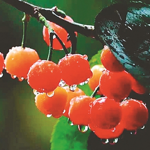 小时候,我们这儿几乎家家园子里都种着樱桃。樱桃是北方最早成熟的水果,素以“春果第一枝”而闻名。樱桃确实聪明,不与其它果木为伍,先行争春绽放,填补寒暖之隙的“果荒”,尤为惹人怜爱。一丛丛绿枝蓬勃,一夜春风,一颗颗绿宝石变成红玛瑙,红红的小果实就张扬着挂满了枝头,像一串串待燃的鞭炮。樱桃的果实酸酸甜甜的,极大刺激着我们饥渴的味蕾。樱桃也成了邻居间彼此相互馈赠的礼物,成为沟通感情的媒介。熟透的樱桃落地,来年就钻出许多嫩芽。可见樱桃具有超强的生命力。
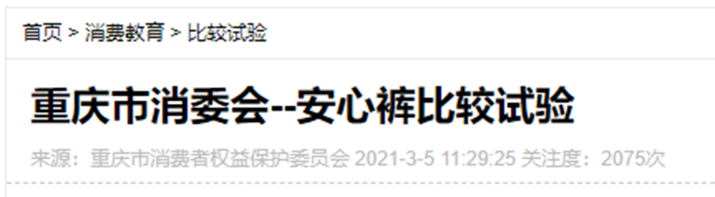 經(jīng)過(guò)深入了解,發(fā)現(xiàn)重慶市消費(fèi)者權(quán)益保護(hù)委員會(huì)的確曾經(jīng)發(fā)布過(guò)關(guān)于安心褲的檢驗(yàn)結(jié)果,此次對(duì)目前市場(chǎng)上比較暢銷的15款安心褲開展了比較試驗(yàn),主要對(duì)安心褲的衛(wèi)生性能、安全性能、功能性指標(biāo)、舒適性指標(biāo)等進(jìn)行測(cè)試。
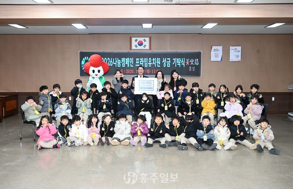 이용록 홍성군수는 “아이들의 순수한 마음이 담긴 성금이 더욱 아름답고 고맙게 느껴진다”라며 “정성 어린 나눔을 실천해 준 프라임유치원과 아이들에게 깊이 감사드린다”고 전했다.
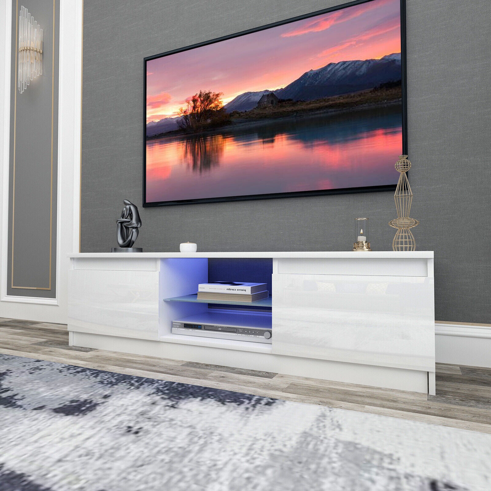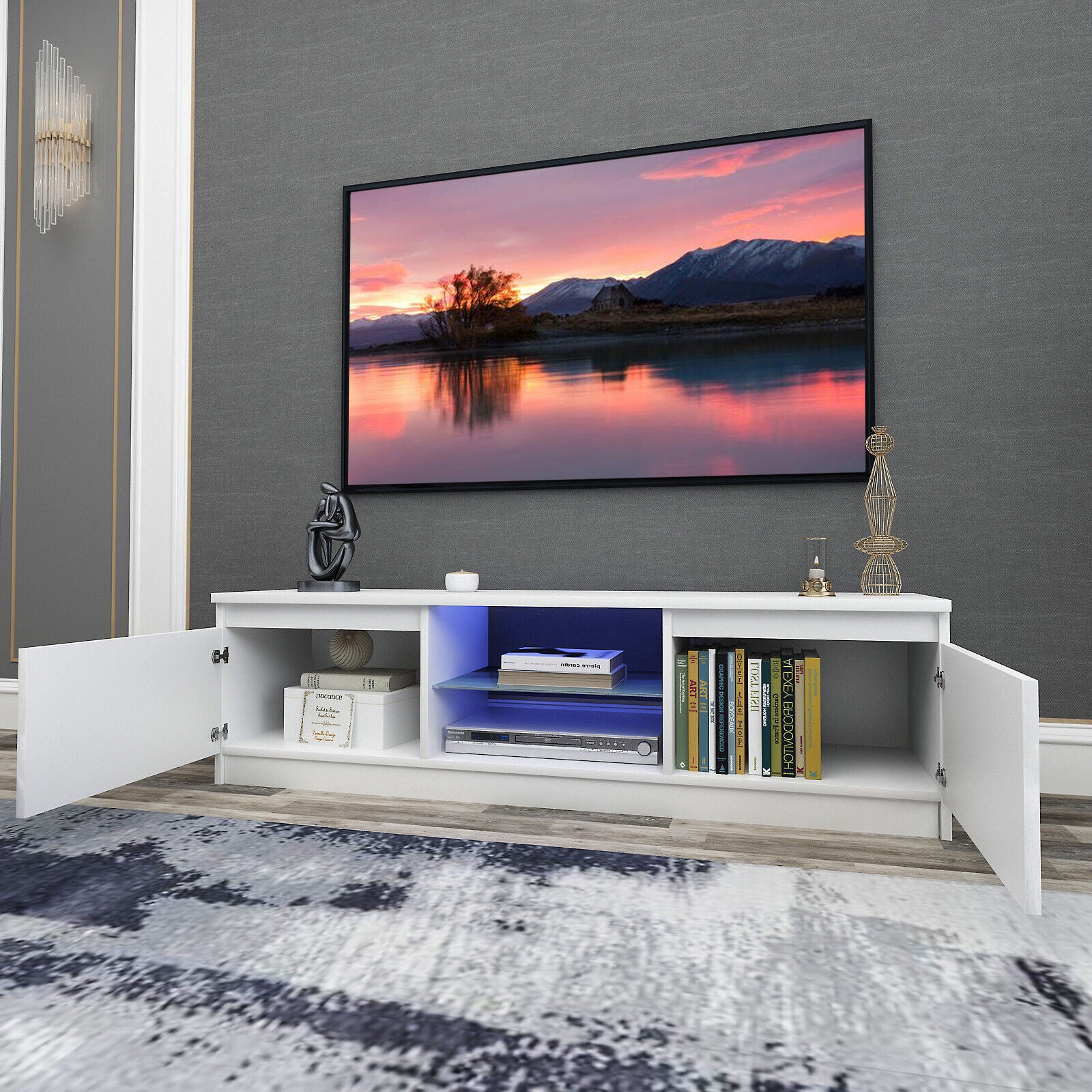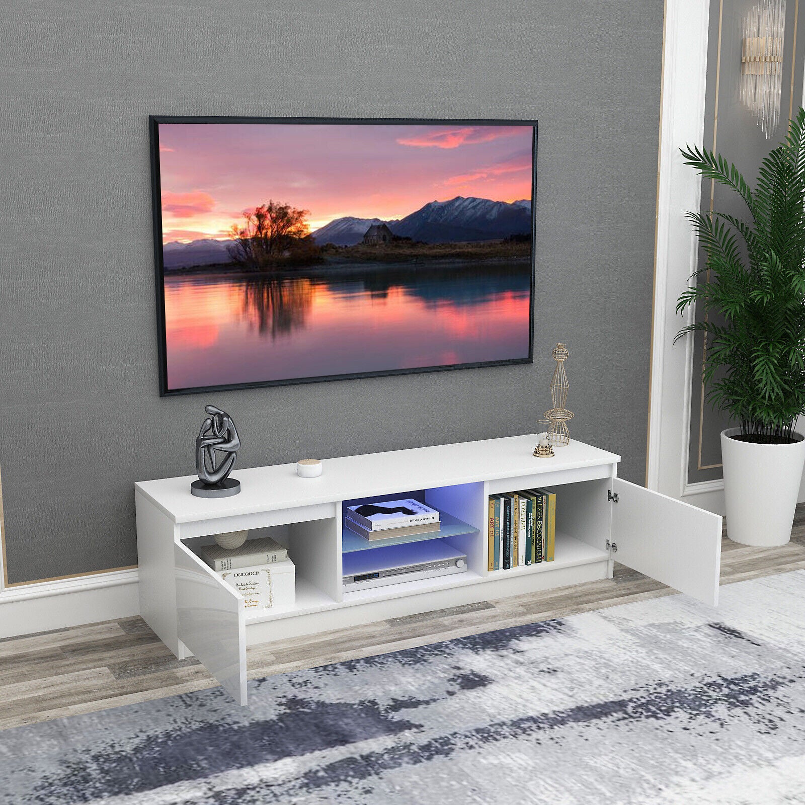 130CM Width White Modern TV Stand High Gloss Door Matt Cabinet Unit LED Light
____
▸ About this task: Repeat each line above exactly. The pictures stay out.

▸ Written reply:
 小时候,我们这儿几乎家家园子里都种着樱桃。樱桃是北方最早成熟的水果,素以“春果第一枝”而闻名。樱桃确实聪明,不与其它果木为伍,先行争春绽放,填补寒暖之隙的“果荒”,尤为惹人怜爱。一丛丛绿枝蓬勃,一夜春风,一颗颗绿宝石变成红玛瑙,红红的小果实就张扬着挂满了枝头,像一串串待燃的鞭炮。樱桃的果实酸酸甜甜的,极大刺激着我们饥渴的味蕾。樱桃也成了邻居间彼此相互馈赠的礼物,成为沟通感情的媒介。熟透的樱桃落地,来年就钻出许多嫩芽。可见樱桃具有超强的生命力。
 經(jīng)過(guò)深入了解,發(fā)現(xiàn)重慶市消費(fèi)者權(quán)益保護(hù)委員會(huì)的確曾經(jīng)發(fā)布過(guò)關(guān)于安心褲的檢驗(yàn)結(jié)果,此次對(duì)目前市場(chǎng)上比較暢銷的15款安心褲開展了比較試驗(yàn),主要對(duì)安心褲的衛(wèi)生性能、安全性能、功能性指標(biāo)、舒適性指標(biāo)等進(jìn)行測(cè)試。
 이용록 홍성군수는 “아이들의 순수한 마음이 담긴 성금이 더욱 아름답고 고맙게 느껴진다”라며 “정성 어린 나눔을 실천해 준 프라임유치원과 아이들에게 깊이 감사드린다”고 전했다.
 130CM Width White Modern TV Stand High Gloss Door Matt Cabinet Unit LED Light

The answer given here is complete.